Atlantic Telegraph.

Chambers's Encyclopaedia, Volume 1: A to Beaufort, p. 545

Atlantic Telegraph. The union of the Old and New Worlds by means of the electric telegraph, probably the boldest feat of electric engineering ever projected, was first suggested by Professor Morse in 1843. Various reasons prevented his ideas taking practical shape, the principal obstacle being the unknown depth of the Atlantic and the supposed rocky nature of the bottom. When, however, Lieutenant Maury of the United States navy discovered that between Ireland and Newfoundland the bed of the ocean was nearly level and covered with soft ooze, and Mr Cyrus Field and others had thoroughly discussed the practical methods, a company was formed for the purpose in 1856, to which the governments of Great Britain and the United States gave liberal guarantees.

This company, after a fruitless attempt to lay an electric cable in 1857, finally succeeded in 1858.

The cable, 2500 miles long, and weighing one ton per mile, was composed of seven fine copper wires, cased in gutta-percha, contained in a casing of hemp saturated with pitch, beeswax, and oil, the outer sheath being composed of eighteen strands of seven iron wires each. It was taken, in equal portions, on board H.M.S. Agamemnon (91 guns) and the United States frigate Niagara, spliced in mid-ocean, and finally landed; the one end by the Agamemnon at Valentia, Ireland; the other by the Niagara at Trinity Bay, Newfoundland.

The result was not encouraging. The current obtained through the wire was so weak that a congratulatory message from the Queen to the president, consisting of 90 words, took 67 minutes to transmit. After a few more messages the cable became useless.

In consequence of this failure, it was not until 1865 that capital was found to make another attempt. This time the cable was made still heavier, and the whole length, 2300 miles, weighing 4000 tons, was shipped on board one vessel, the Great Eastern. The paying-out journey was commenced at Valentia, but when the vessel was 1064 miles from that port, the cable broke from an accidental strain. After a fruitless effort to fish up the broken cable from the bottom, it was abandoned for the season. In 1866 another line, so modified in construction as to be both lighter and stronger than the previous one, was successfully laid by the Great Eastern. The 1865 cable was then, by means of the same vessel, grappled for, and brought up from a depth of two miles, spliced, and completed to Trinity Bay.

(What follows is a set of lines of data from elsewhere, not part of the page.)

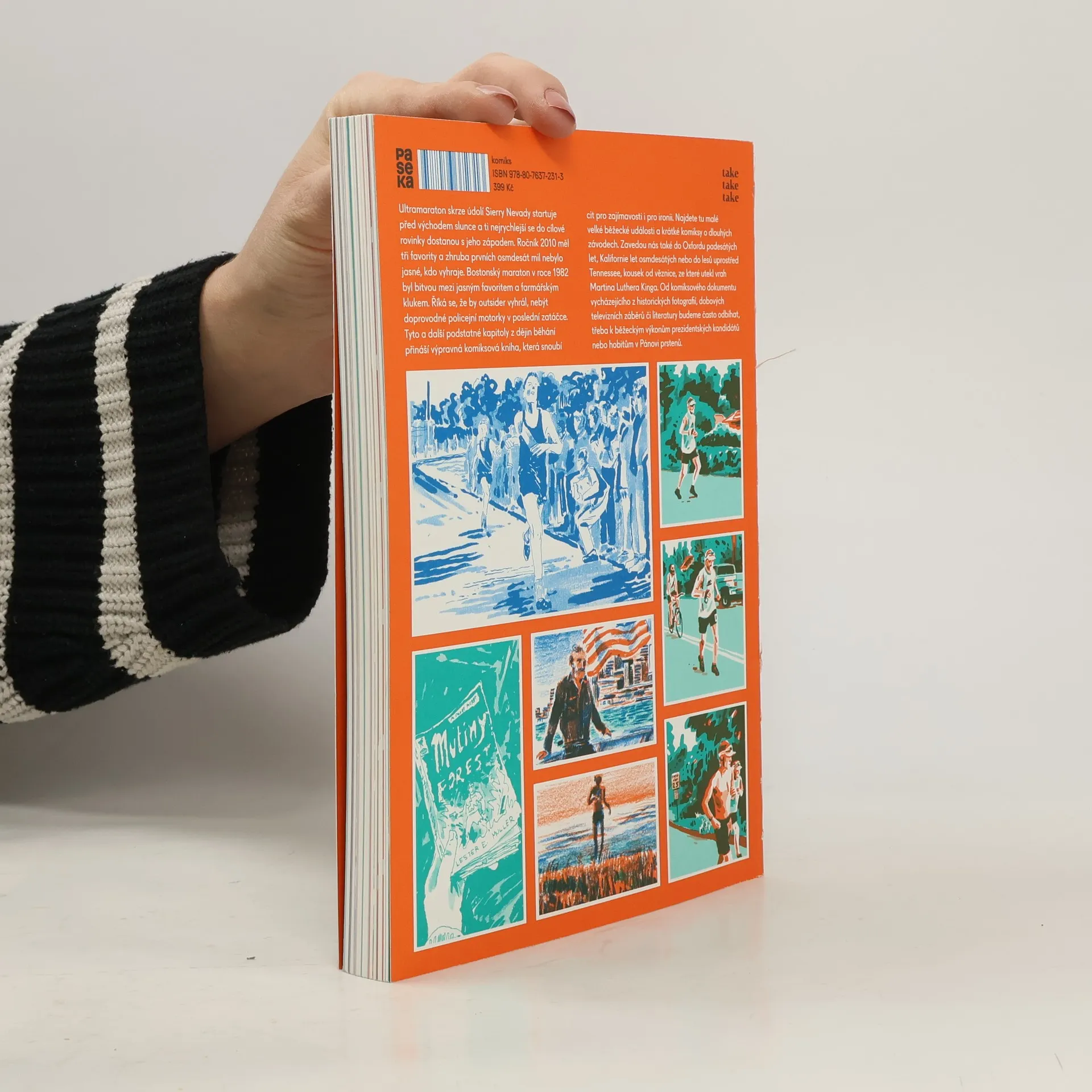 Ultramaraton skrze údolí Sierry Nevady startuje před východem slunce a ti nejrychlejší se do cílové rovinky dostanou s jeho západem. Ročník 2010 měl tři favority a zhruba prvních osmdesát mil nebylo jasné, kdo vyhraje. Bostonský maraton v roce 1982 byl bitvou mezi jasným favoritem a farmářským klukem. Říká se, že by outsider vyhrál nebýt doprovodné policejní motorky v poslední zatáčce. Tyto a další kapitoly z dějin běhání přináší výpravná komiksová kniha, která snoubí cit pro zajímavosti i pro ironii. Najdete tu malé velké běžecké události a krátké komiksy o dlouhých závodech. Zavedou nás také do Oxfordu padesátých let, Kalifornie let osmdesátých, nebo do lesů uprostřed Tennessee, kousek od věznice, ze které utekl vrah Martina Luthera Kinga. Od komiksového dokumentu vycházejícího z historických fotografií, dobových televizních záběrů či literatury budeme často odbíhat, třeba k běžeckým výkonům prezidentských kandidátů nebo hobitům v Pánovi prstenů.
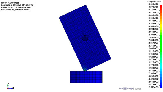When a smart device, such as smartphone, drops on the floor, it starts the rotation due to rotational momentum generated by its asymmetric mass distribution. This rotation can increase the uncertainty and make appropriate analysis difficult. Therefore, the rotational motion of the dummy phone used in this study was restrained to avoid this uncertainty and to obtain the appropriate simulation results during the FE simulation. In the FE modeling, the vertical line on the ground was considered as the datum line, and the mass distribution of the dummy phone, which was the impacted object, was bilaterally symmetrized with respect to this datum line. At the rebounding state, we can achieve the translational motion of the impacted object without any rotational motion using this FE model. The stress contour from the FE simulation is shown in Figure 13. The impact occurred at 0.33 ms and maximum stress was observed as 4420 MPa at 0.39 ms. The stress was concentrated in the vicinity of the impact point and this concentration phenomenon was verified as observing the damage in the experiment. At 0.46 ms, the impacted object began rebounding and the LRA, including the moving mass and spring components, started the oscillation. The traveling behavior of the LRA spring attached to the impacted object is already shown in Figure 11b.
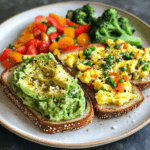 Rainbow Avocado Toast with Scrambled Eggs & Veggie Medley is a vibrant and nutritious breakfast that brightens your morning routine. This dish features creamy avocado spread over crispy whole-grain toast, fluffy scrambled eggs, and a colorful array of sautéed vegetables. Not only does it look appealing, but it’s also packed with healthy fats, protein, and fiber to keep you satisfied throughout the day. With its quick preparation time of just 25 minutes, this recipe is perfect for busy mornings or leisurely brunches alike. Customize it easily with your favorite veggies and spices to create a meal that perfectly suits your taste.

The practicability of laying an electric wire across the Atlantic being thus demonstrated, many lines have been projected, and several of them carried out. In 1869 a French company laid a line from Brest to St Pierre, off the south of Newfoundland. In 1873 a line was begun from Lisbon to Pernambuco in South America. This line, by means of a duplicate line from London to Lisbon, brings this country into direct communication with the whole of South America. Other two cables were laid from Valentia to Trinity Bay in 1874 and 1875. The latter, made by the Messrs Siemens, weighed only 880 pounds per mile, being the lightest cable planned for Atlantic telegraphy. One from Penzance to St Pierre was laid in 1879; another from England to Panama was completed in 1882; and in 1884 Messrs Bennett and Mackay's line was laid from Valentia to Torbay in Nova Scotia.

Altogether there have been laid across the Atlantic 15 cables, 3 of which are quite dead, 9 are in good working order, and 3 good for some purposes. When the first line was opened the rates were £20 for 20 words of 5 letters each, and 20s. for every 5 letters extra. The following year those rates were halved, and by successive reductions reached in August 1869 the rate of £1, 10s. for 10 words, and 3s. per word extra without restriction of number of letters. The rate is now from 1s. to 1s. 8d. a word, subject to occasional fluctuations from disputes among the competing lines. One of these disputes caused in 1887 a reduction of the rates to 6d. per word on the part of all companies except one, which charged 1s. Still, even at the cheapest rates, long messages are very expensive. To obviate this as far as possible, several code and cipher schemes have been devised for transmitting lengthy messages by a comparatively small number of words. These schemes, subject to certain regulations, have been accepted by the post-offices and telegraph companies. The whole Atlantic system is worked in connection with the ordinary telegraph system of the world, and, with the lines to India and Australia, may be said to bring the uttermost ends of the earth within speaking distance.

See article TELEGRAPH for an account of the science and methods employed, and for the subject of Submarine Telegraphy.